| Input for this task |
Content starts
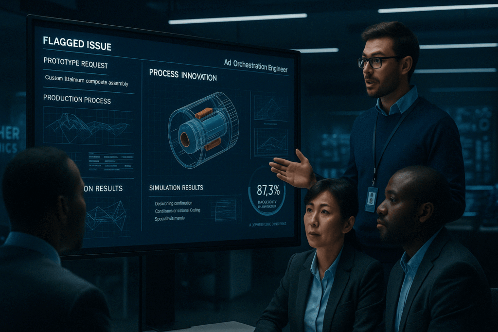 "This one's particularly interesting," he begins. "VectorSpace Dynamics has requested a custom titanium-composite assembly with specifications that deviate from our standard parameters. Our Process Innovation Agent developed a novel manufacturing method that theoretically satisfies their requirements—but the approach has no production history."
Content ends
Content starts
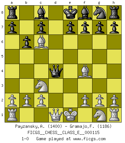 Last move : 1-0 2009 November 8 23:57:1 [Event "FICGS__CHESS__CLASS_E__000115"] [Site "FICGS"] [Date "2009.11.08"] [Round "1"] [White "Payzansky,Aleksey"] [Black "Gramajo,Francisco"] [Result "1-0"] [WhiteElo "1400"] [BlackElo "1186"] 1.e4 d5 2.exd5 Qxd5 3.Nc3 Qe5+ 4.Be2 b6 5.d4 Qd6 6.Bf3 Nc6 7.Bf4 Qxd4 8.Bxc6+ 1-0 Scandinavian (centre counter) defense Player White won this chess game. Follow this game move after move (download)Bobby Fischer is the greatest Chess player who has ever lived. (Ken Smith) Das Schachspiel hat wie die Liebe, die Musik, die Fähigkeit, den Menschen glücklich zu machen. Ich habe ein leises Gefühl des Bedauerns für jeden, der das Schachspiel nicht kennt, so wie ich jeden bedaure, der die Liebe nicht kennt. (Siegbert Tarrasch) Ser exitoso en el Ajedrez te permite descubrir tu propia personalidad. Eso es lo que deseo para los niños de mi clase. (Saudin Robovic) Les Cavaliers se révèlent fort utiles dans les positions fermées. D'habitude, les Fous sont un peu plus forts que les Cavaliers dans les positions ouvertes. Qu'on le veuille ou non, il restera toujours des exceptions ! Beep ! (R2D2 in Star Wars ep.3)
Content ends
Content starts
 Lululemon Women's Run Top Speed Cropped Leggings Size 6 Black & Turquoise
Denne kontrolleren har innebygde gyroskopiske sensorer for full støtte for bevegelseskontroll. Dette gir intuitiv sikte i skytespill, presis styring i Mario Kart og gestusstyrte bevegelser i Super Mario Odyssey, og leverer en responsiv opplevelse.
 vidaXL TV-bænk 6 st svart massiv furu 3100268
Content ends
| Task description |
All that belongs in the answer is the run of lines above from the line containing "Lululemon Women's Run" through the line containing "vidaXL TV-bænk 6", exactly as written.

| Result |
 Lululemon Women's Run Top Speed Cropped Leggings Size 6 Black & Turquoise
Denne kontrolleren har innebygde gyroskopiske sensorer for full støtte for bevegelseskontroll. Dette gir intuitiv sikte i skytespill, presis styring i Mario Kart og gestusstyrte bevegelser i Super Mario Odyssey, og leverer en responsiv opplevelse.
 vidaXL TV-bænk 6 st svart massiv furu 3100268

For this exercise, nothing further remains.